_Supplied records_:

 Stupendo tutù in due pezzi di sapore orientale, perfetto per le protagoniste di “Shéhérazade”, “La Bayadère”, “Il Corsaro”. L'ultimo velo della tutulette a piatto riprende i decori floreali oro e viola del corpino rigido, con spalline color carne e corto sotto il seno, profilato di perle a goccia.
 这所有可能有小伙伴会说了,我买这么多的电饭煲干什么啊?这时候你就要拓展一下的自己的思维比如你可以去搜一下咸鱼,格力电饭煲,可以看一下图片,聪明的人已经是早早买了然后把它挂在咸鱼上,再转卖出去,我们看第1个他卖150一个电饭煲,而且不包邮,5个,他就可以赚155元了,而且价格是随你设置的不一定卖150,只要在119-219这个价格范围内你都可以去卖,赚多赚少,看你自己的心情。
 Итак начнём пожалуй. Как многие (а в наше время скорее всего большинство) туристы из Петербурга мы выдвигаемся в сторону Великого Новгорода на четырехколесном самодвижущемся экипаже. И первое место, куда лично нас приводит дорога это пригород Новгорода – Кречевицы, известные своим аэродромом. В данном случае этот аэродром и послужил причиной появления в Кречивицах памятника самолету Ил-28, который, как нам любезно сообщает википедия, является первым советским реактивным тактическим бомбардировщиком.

--

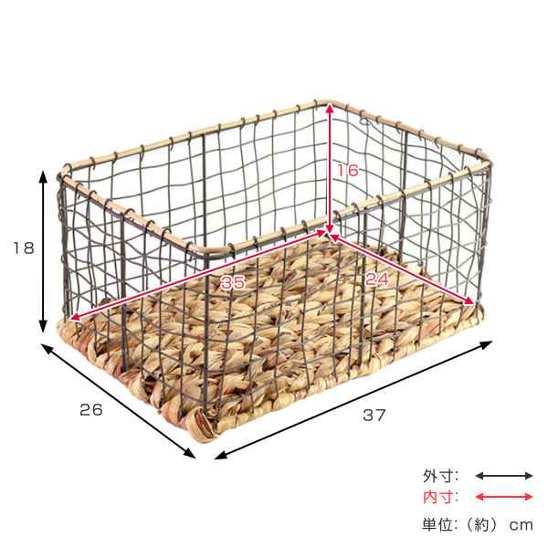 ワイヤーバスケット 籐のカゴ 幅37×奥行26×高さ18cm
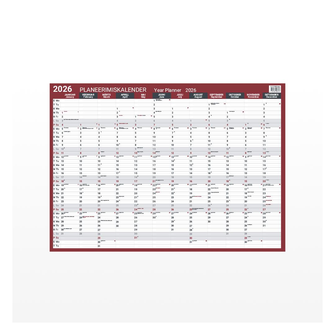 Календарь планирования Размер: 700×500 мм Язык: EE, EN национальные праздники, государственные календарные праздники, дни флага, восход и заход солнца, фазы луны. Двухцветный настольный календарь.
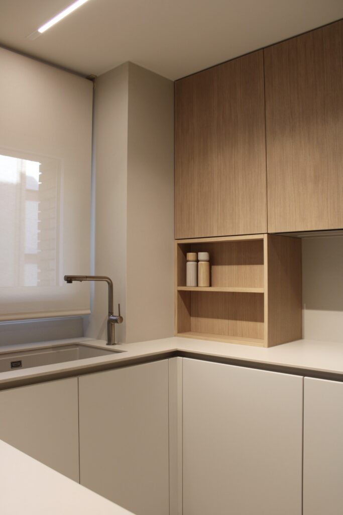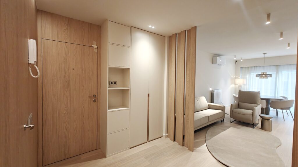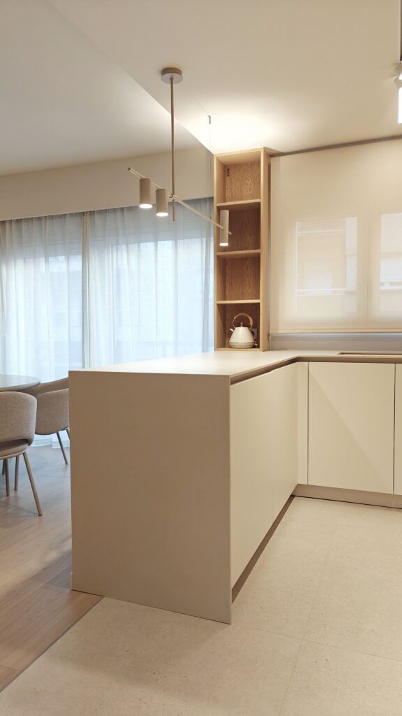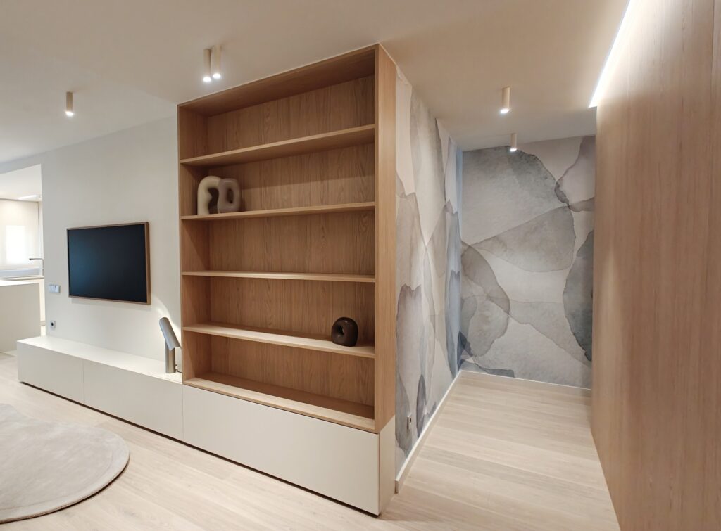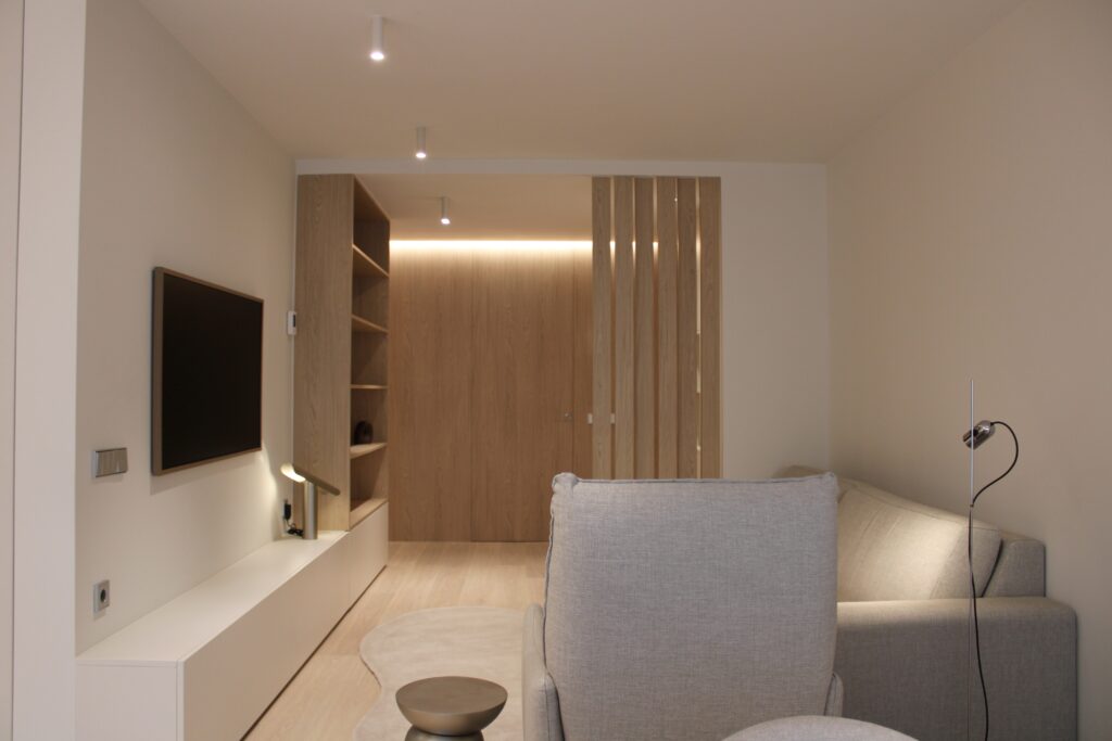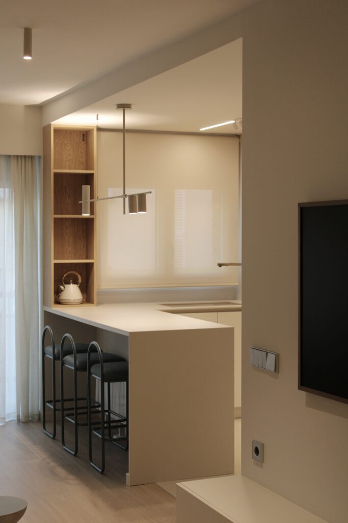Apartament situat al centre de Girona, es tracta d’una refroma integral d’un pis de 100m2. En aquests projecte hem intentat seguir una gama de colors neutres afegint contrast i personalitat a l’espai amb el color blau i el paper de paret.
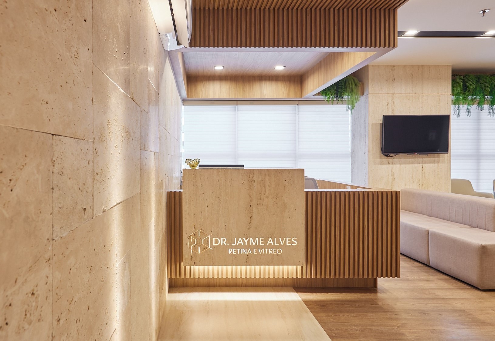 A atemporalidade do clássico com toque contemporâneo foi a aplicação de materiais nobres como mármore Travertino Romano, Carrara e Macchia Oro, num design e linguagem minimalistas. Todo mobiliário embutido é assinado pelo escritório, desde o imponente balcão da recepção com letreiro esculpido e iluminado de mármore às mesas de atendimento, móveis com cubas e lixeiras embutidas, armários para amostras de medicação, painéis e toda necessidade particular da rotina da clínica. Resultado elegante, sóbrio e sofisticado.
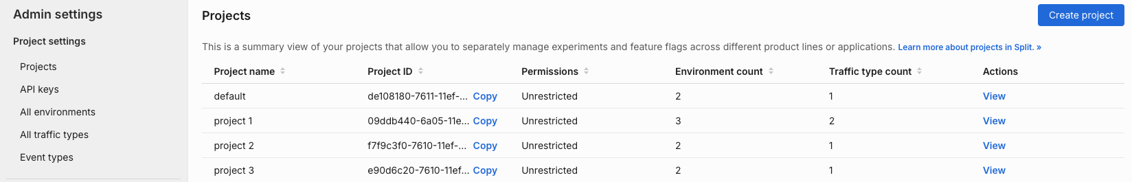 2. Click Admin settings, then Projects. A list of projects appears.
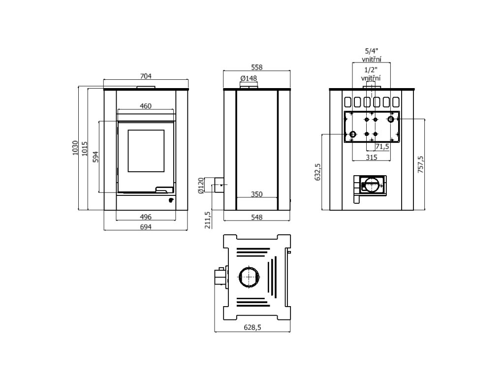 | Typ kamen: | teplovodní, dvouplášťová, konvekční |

_Required action_: Copy out the listing above from the line containing "Apartament situat al" to the line containing "dvouplášťová, konvekční |", both included, exactly as written and minus the images.

_Response area_:
Apartament situat al centre de Girona, es tracta d’una refroma integral d’un pis de 100m2. En aquests projecte hem intentat seguir una gama de colors neutres afegint contrast i personalitat a l’espai amb el color blau i el paper de paret.
 A atemporalidade do clássico com toque contemporâneo foi a aplicação de materiais nobres como mármore Travertino Romano, Carrara e Macchia Oro, num design e linguagem minimalistas. Todo mobiliário embutido é assinado pelo escritório, desde o imponente balcão da recepção com letreiro esculpido e iluminado de mármore às mesas de atendimento, móveis com cubas e lixeiras embutidas, armários para amostras de medicação, painéis e toda necessidade particular da rotina da clínica. Resultado elegante, sóbrio e sofisticado.
 2. Click Admin settings, then Projects. A list of projects appears.
 | Typ kamen: | teplovodní, dvouplášťová, konvekční |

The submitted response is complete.